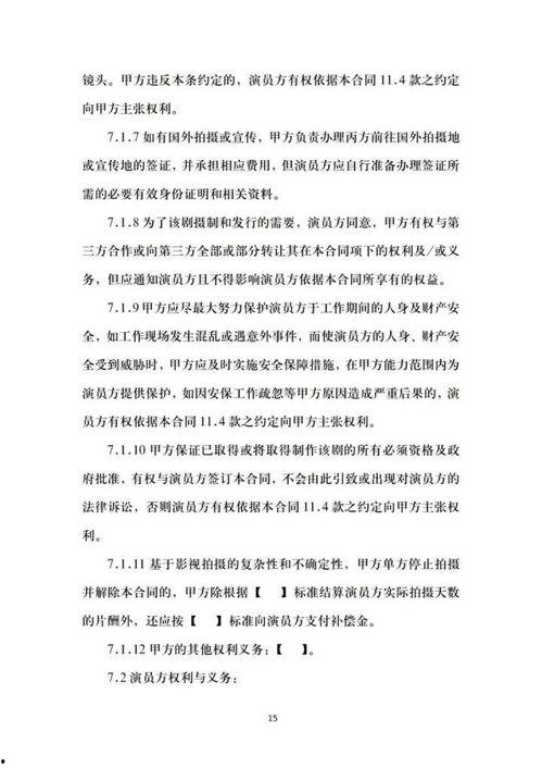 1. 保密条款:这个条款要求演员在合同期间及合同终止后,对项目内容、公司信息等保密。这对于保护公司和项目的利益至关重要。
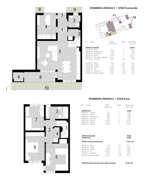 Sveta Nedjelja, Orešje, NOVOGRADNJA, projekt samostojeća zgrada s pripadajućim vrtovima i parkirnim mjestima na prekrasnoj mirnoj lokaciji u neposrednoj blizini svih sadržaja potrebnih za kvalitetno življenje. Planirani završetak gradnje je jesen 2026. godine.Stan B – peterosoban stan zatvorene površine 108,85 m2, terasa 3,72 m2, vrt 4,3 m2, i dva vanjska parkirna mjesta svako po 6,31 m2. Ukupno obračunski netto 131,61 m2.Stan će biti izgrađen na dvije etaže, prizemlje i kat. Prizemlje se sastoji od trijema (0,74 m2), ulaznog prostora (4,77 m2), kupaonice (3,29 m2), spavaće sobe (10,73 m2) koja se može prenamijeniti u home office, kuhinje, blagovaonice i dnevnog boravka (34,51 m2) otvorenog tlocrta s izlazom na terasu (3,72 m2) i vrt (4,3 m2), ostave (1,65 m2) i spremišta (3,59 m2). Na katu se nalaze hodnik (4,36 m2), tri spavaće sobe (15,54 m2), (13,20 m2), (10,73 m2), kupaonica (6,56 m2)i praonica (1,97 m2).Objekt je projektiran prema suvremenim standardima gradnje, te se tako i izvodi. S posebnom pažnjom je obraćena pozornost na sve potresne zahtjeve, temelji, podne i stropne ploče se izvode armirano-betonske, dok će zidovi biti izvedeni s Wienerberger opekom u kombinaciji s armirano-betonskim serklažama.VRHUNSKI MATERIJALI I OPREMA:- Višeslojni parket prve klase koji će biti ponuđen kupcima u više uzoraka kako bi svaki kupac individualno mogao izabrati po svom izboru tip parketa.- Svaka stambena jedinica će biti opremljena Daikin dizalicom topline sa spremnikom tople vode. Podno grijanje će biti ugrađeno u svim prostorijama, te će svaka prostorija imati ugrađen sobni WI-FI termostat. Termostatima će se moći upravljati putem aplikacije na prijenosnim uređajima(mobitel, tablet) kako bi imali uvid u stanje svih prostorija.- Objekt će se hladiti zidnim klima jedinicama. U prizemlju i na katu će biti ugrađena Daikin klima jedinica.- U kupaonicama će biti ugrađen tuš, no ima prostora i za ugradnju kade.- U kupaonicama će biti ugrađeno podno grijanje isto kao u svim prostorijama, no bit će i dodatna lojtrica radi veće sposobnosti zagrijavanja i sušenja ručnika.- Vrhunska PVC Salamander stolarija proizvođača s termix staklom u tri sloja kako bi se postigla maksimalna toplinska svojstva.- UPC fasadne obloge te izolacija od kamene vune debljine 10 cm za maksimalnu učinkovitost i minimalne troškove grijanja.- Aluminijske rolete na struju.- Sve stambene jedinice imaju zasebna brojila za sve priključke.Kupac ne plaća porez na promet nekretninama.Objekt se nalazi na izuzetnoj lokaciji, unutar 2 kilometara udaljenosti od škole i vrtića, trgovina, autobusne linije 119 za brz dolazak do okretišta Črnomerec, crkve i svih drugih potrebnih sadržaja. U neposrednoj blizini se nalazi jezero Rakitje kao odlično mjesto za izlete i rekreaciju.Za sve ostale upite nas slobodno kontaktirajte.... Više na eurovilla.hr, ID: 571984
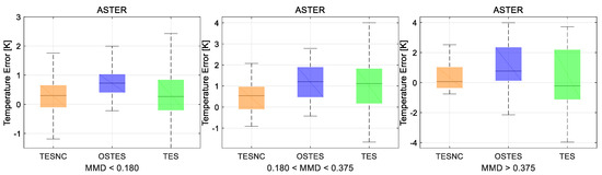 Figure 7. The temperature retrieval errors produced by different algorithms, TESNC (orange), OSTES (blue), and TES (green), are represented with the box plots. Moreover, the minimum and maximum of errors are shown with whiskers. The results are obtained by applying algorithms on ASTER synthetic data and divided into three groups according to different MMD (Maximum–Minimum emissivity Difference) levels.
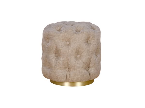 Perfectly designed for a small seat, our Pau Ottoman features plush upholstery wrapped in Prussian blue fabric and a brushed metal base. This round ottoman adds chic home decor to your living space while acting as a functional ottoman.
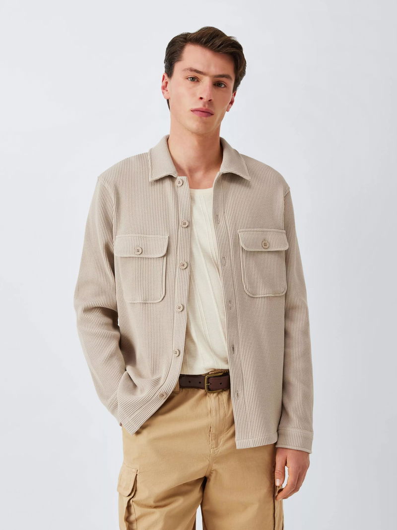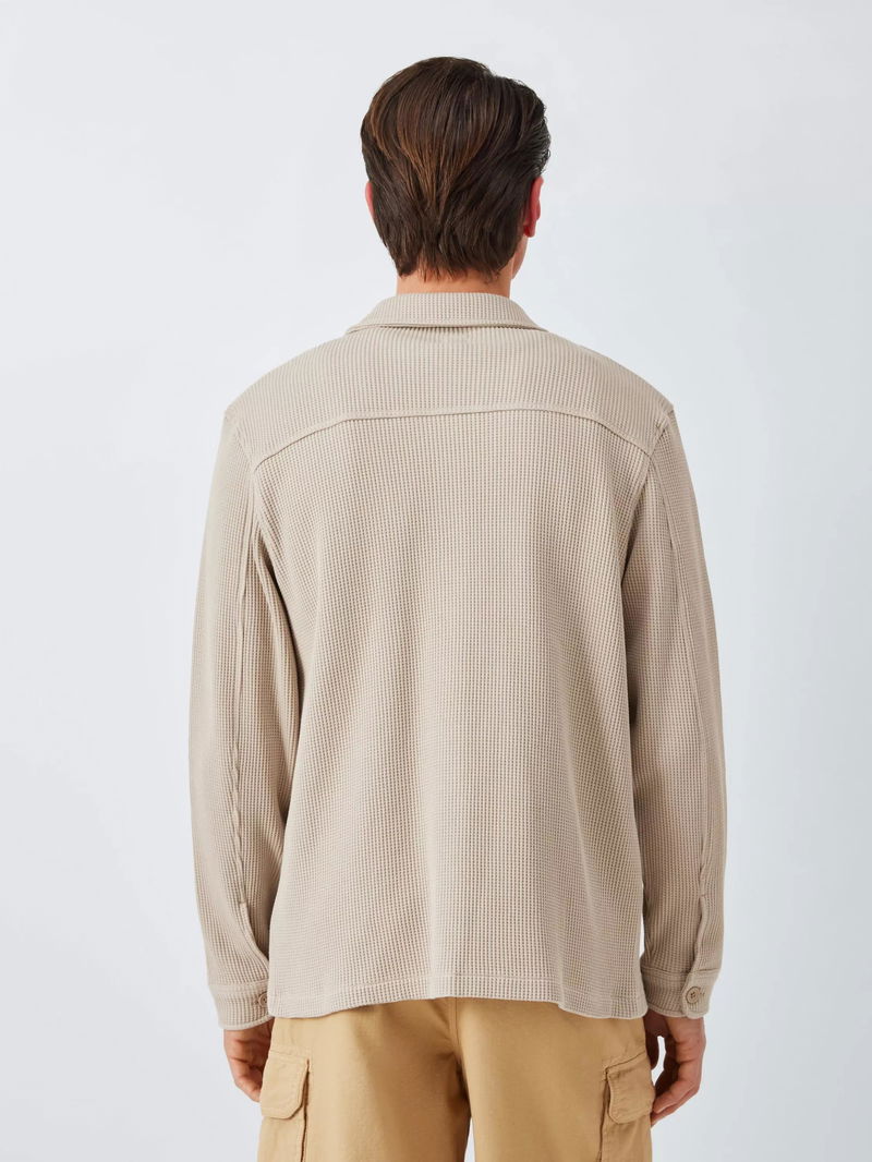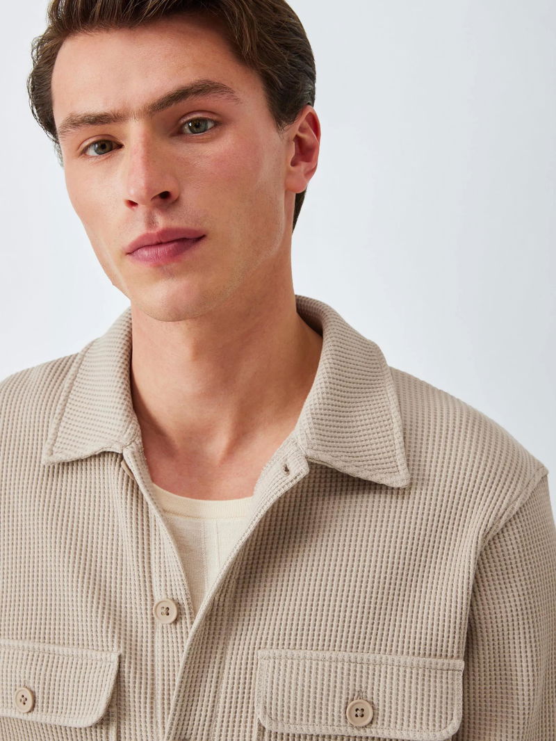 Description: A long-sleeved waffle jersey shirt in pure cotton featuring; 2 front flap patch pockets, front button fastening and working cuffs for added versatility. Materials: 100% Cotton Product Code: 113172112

Task statement:
In the copy, include no pictures; restate the listing above exactly.

Your solution:
 1. 保密条款:这个条款要求演员在合同期间及合同终止后,对项目内容、公司信息等保密。这对于保护公司和项目的利益至关重要。
 Sveta Nedjelja, Orešje, NOVOGRADNJA, projekt samostojeća zgrada s pripadajućim vrtovima i parkirnim mjestima na prekrasnoj mirnoj lokaciji u neposrednoj blizini svih sadržaja potrebnih za kvalitetno življenje. Planirani završetak gradnje je jesen 2026. godine.Stan B – peterosoban stan zatvorene površine 108,85 m2, terasa 3,72 m2, vrt 4,3 m2, i dva vanjska parkirna mjesta svako po 6,31 m2. Ukupno obračunski netto 131,61 m2.Stan će biti izgrađen na dvije etaže, prizemlje i kat. Prizemlje se sastoji od trijema (0,74 m2), ulaznog prostora (4,77 m2), kupaonice (3,29 m2), spavaće sobe (10,73 m2) koja se može prenamijeniti u home office, kuhinje, blagovaonice i dnevnog boravka (34,51 m2) otvorenog tlocrta s izlazom na terasu (3,72 m2) i vrt (4,3 m2), ostave (1,65 m2) i spremišta (3,59 m2). Na katu se nalaze hodnik (4,36 m2), tri spavaće sobe (15,54 m2), (13,20 m2), (10,73 m2), kupaonica (6,56 m2)i praonica (1,97 m2).Objekt je projektiran prema suvremenim standardima gradnje, te se tako i izvodi. S posebnom pažnjom je obraćena pozornost na sve potresne zahtjeve, temelji, podne i stropne ploče se izvode armirano-betonske, dok će zidovi biti izvedeni s Wienerberger opekom u kombinaciji s armirano-betonskim serklažama.VRHUNSKI MATERIJALI I OPREMA:- Višeslojni parket prve klase koji će biti ponuđen kupcima u više uzoraka kako bi svaki kupac individualno mogao izabrati po svom izboru tip parketa.- Svaka stambena jedinica će biti opremljena Daikin dizalicom topline sa spremnikom tople vode. Podno grijanje će biti ugrađeno u svim prostorijama, te će svaka prostorija imati ugrađen sobni WI-FI termostat. Termostatima će se moći upravljati putem aplikacije na prijenosnim uređajima(mobitel, tablet) kako bi imali uvid u stanje svih prostorija.- Objekt će se hladiti zidnim klima jedinicama. U prizemlju i na katu će biti ugrađena Daikin klima jedinica.- U kupaonicama će biti ugrađen tuš, no ima prostora i za ugradnju kade.- U kupaonicama će biti ugrađeno podno grijanje isto kao u svim prostorijama, no bit će i dodatna lojtrica radi veće sposobnosti zagrijavanja i sušenja ručnika.- Vrhunska PVC Salamander stolarija proizvođača s termix staklom u tri sloja kako bi se postigla maksimalna toplinska svojstva.- UPC fasadne obloge te izolacija od kamene vune debljine 10 cm za maksimalnu učinkovitost i minimalne troškove grijanja.- Aluminijske rolete na struju.- Sve stambene jedinice imaju zasebna brojila za sve priključke.Kupac ne plaća porez na promet nekretninama.Objekt se nalazi na izuzetnoj lokaciji, unutar 2 kilometara udaljenosti od škole i vrtića, trgovina, autobusne linije 119 za brz dolazak do okretišta Črnomerec, crkve i svih drugih potrebnih sadržaja. U neposrednoj blizini se nalazi jezero Rakitje kao odlično mjesto za izlete i rekreaciju.Za sve ostale upite nas slobodno kontaktirajte.... Više na eurovilla.hr, ID: 571984
 Figure 7. The temperature retrieval errors produced by different algorithms, TESNC (orange), OSTES (blue), and TES (green), are represented with the box plots. Moreover, the minimum and maximum of errors are shown with whiskers. The results are obtained by applying algorithms on ASTER synthetic data and divided into three groups according to different MMD (Maximum–Minimum emissivity Difference) levels.
 Perfectly designed for a small seat, our Pau Ottoman features plush upholstery wrapped in Prussian blue fabric and a brushed metal base. This round ottoman adds chic home decor to your living space while acting as a functional ottoman.
 Description: A long-sleeved waffle jersey shirt in pure cotton featuring; 2 front flap patch pockets, front button fastening and working cuffs for added versatility. Materials: 100% Cotton Product Code: 113172112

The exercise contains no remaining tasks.